§ **INPUT DATA**
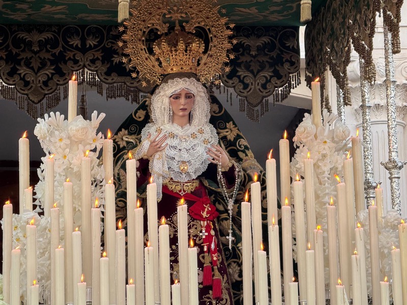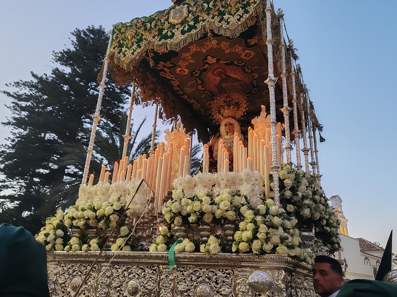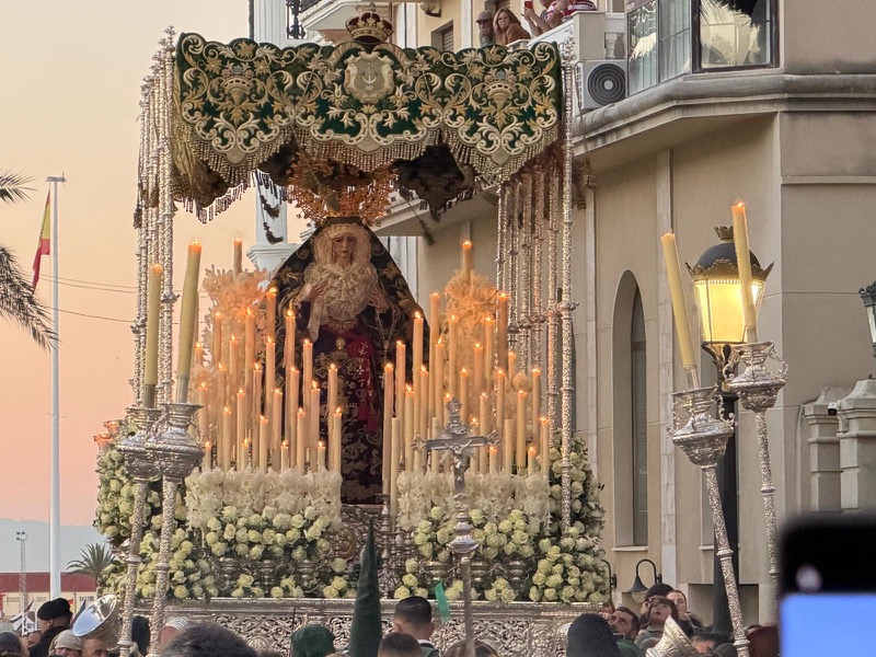 Por su parte, la Virgen de la Esperanza contó con la interpretación de la Asociación Músico Cultural Banda de Música de Tocón, procedente de Granada, cuya presencia añadió un matiz armonioso al recorrido.
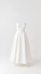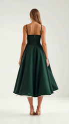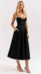 The 'Isolde' dress is timeless sophistication personified. This midi masterpiece features a bustier-style bodice with contrast piping that frames your silhouette perfectly. The fitted waist flows into a full pleated skirt with hidden pockets, while thin straps add that perfect touch of delicacy.
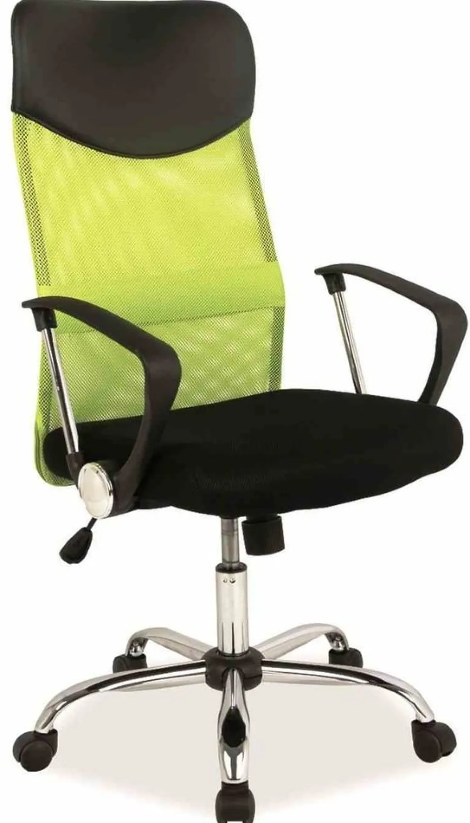En mysig med en modern design. Underredet är tillverkat av kromad metall och sitsen är klädd med ett behagligt nättyg. Ryggstödet är av en blandning av nättyg och konstläder. Stolen har tilt funktion och höjden är lätt justerbar med hjälp av spaken under sitsen. Stolen är även lätt att förflytta tack vare hjulen på stjärnfoten.
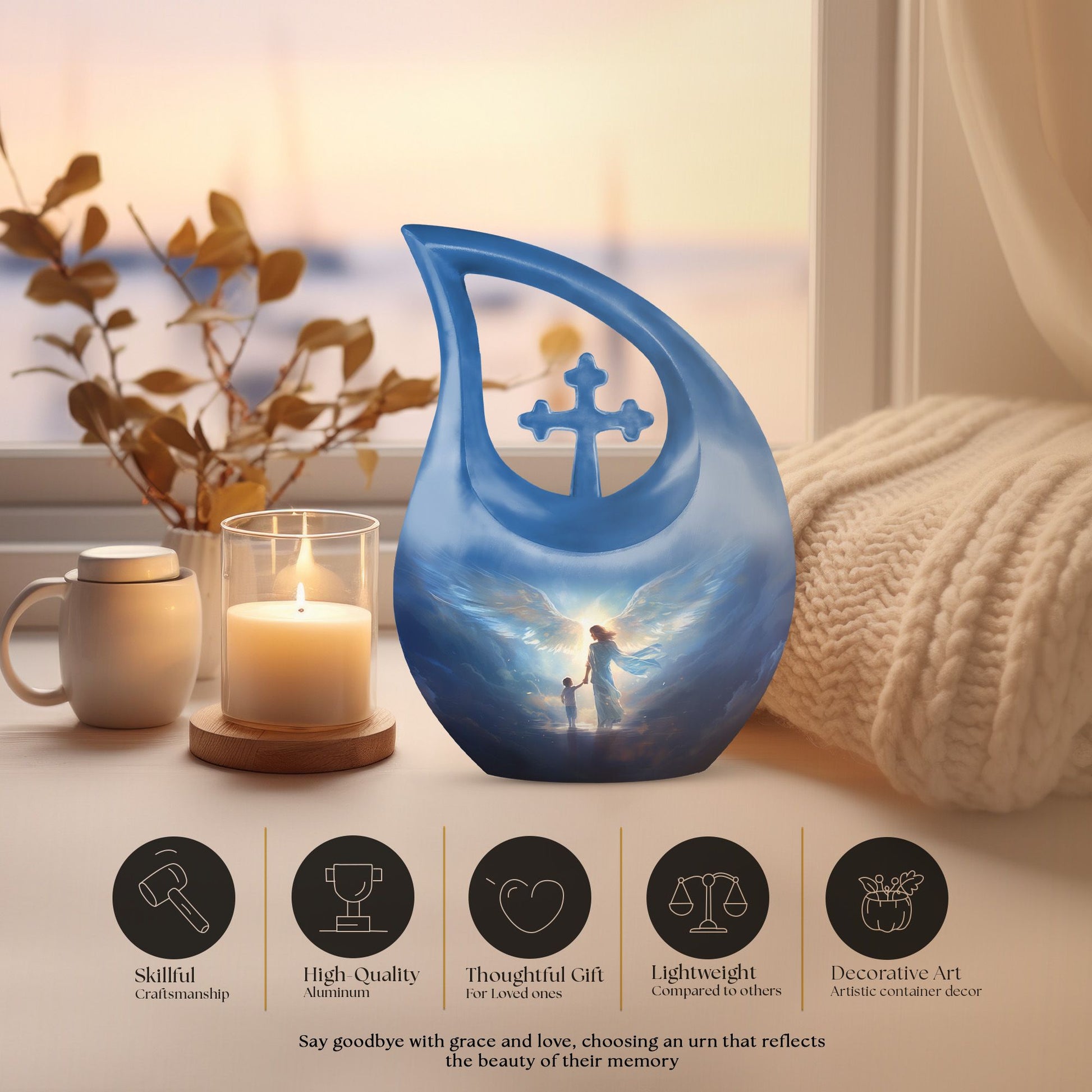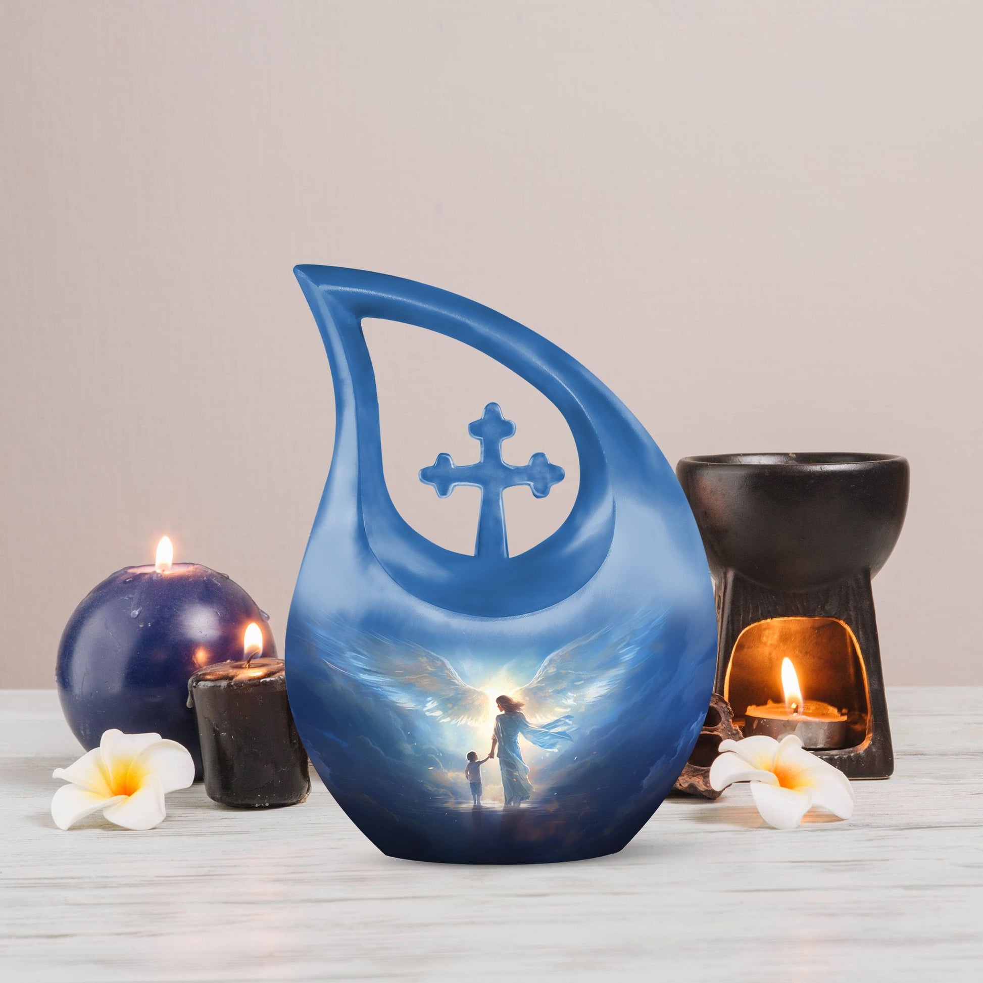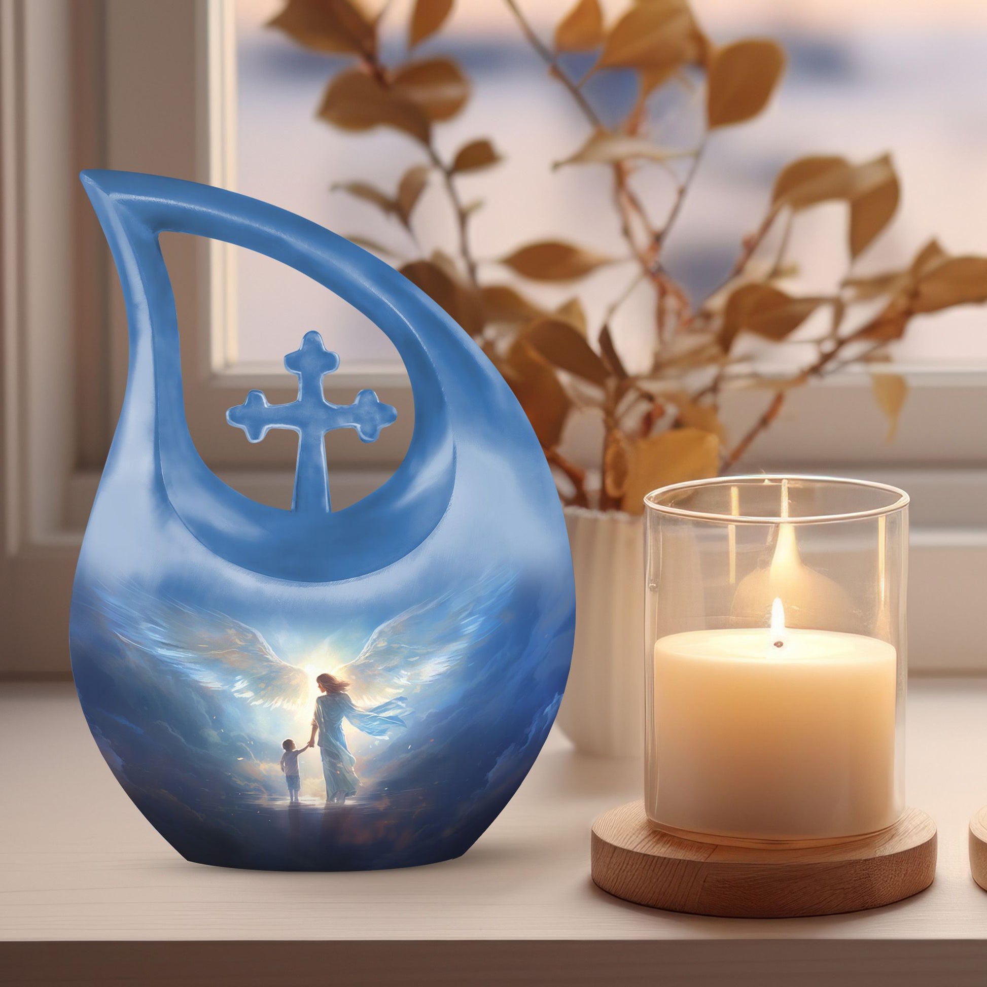 This angelic memorial urn stands as a beautiful symbol of protection, love, and everlasting connection.

§ **HOW TO COMPLETE THIS TASK**
What this calls for is the material above set down exactly, pictures excluded.

§ **RESULT OF THIS TASK**
 Por su parte, la Virgen de la Esperanza contó con la interpretación de la Asociación Músico Cultural Banda de Música de Tocón, procedente de Granada, cuya presencia añadió un matiz armonioso al recorrido.
 The 'Isolde' dress is timeless sophistication personified. This midi masterpiece features a bustier-style bodice with contrast piping that frames your silhouette perfectly. The fitted waist flows into a full pleated skirt with hidden pockets, while thin straps add that perfect touch of delicacy.
En mysig med en modern design. Underredet är tillverkat av kromad metall och sitsen är klädd med ett behagligt nättyg. Ryggstödet är av en blandning av nättyg och konstläder. Stolen har tilt funktion och höjden är lätt justerbar med hjälp av spaken under sitsen. Stolen är även lätt att förflytta tack vare hjulen på stjärnfoten.
 This angelic memorial urn stands as a beautiful symbol of protection, love, and everlasting connection.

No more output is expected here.